The statement came after it became clear Monday that the House budget resolution passed by Speaker of the House Paul Ryan and his Republican majority included language allowing the Secretary of Homeland Security to potentially increase the number of foreign workers allowed into the United States through the H-2B visa program.

In the resolution as written, the Secretary of Homeland Security may increase the number of admitted temporary workers “upon the determination that the needs of American businesses cannot be satisfied in fiscal year 2017 with United States workers who are willing, qualified, and able to perform temporary nonagricultural labor[.]”

Thi phrasing might allow a near tripling of the participants in the program for seasonal non-agricultural workers. The Center for Immigration Studies’ Mark Krikorian tweeted that the law as written “makes a mockery of the law’s numerical ‘limits’.”
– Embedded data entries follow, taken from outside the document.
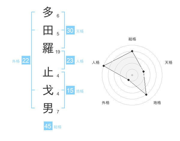 多田羅 止戈男さんを姓名の画数から五運を鑑定
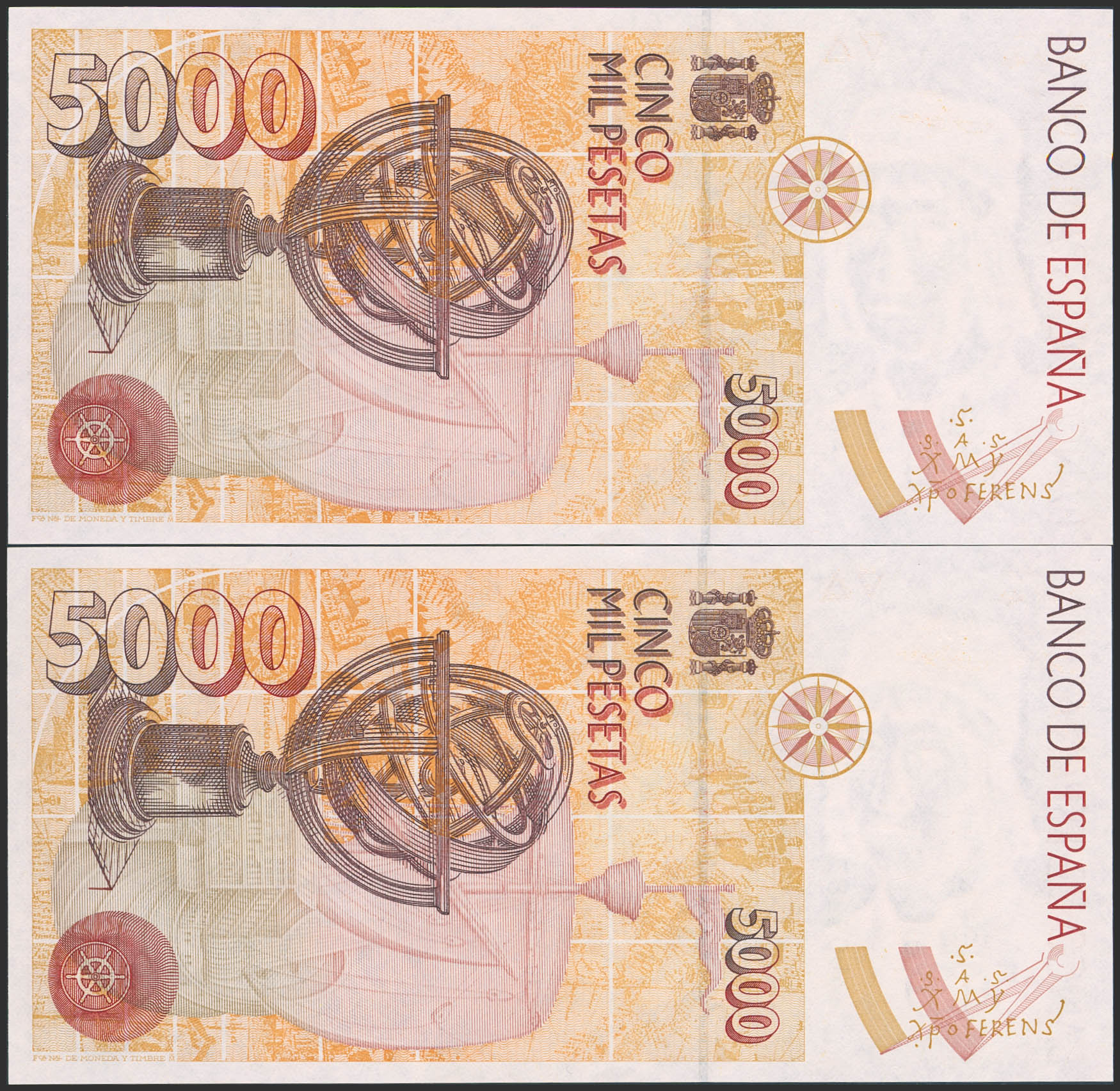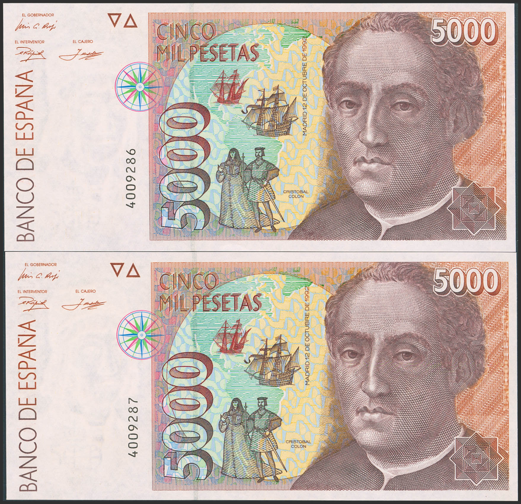 5000 Pesetas. 12 de Octubre de 1992. Pareja correlativa. Sin serie. (Edifil 2023: 484). SC.
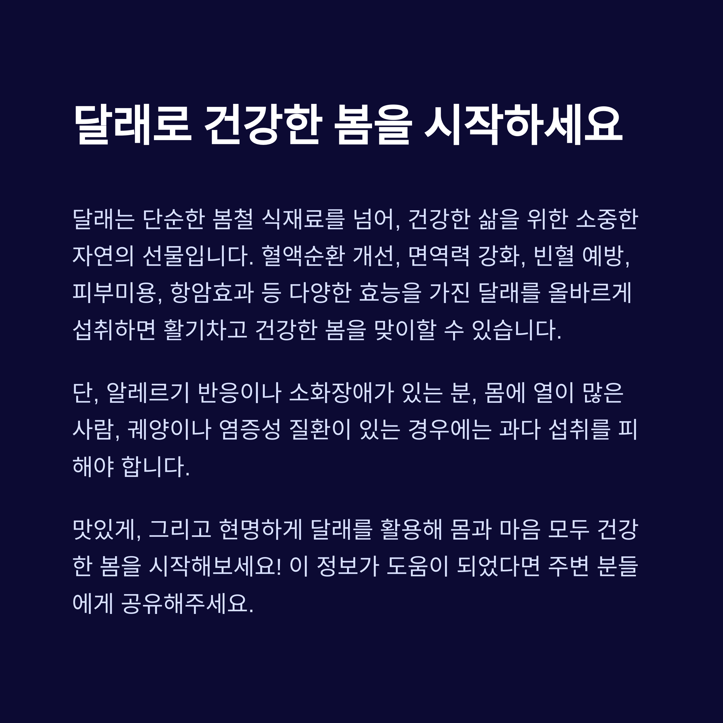 맛있게, 그리고 현명하게 달래를 활용해 몸과 마음 모두 건강한 봄을 시작해보세요!
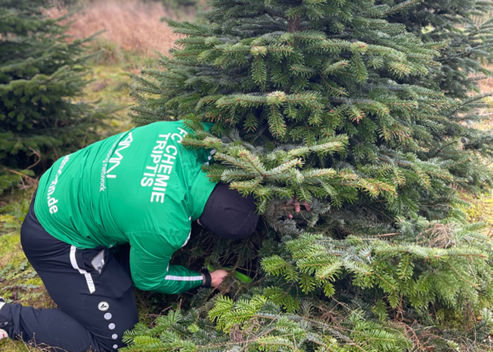 Die Sägeaktion wurde gleich weitergeführt, als drei Mitglieder des lokalen Fußballvereins Chemie Triptis ihre Schnelligkeit und Stärke demonstrierten. In nur drei Minuten sägten sie sechs Weihnachtsbäume auf der Plantage, die ebenfalls einem guten Zweck dienen sollen: Diese Bäume gehen an die Kindertageseinrichtungen und Seniorenheime unseres DRK-Kreisverbandes.

The bipartisan Senate Judiciary leaders criticized the way in which the potential change was made, ceding congressional immigration oversight to the executive branch without debate on the potential outcome:

The Constitution clearly provides that Congress shall determine the nation’s immigration policy, and the Senate places such policy squarely in the jurisdiction of the Judiciary Committee.  This move by leadership and appropriators cedes portions of this authority to the Executive Branch without a public debate by the committee of jurisdiction for the policy.

Grassley and Feinstein called for the House leadership to take the language out of the bill and allow debate on the wisdom of the change, saying, “We understand the needs of employers who rely on seasonal H-2B workers if the American workforce can’t meet the demand, but we are also aware of the potential side effects of flooding the labor force with more temporary foreign workers, including depressed wages for all workers in seasonal jobs. The bottom line is that this issue deserves more thoughtful consideration. Appropriators should remove this provision and give the Judiciary Committee time to properly consider and debate this change to our nation’s immigration laws.”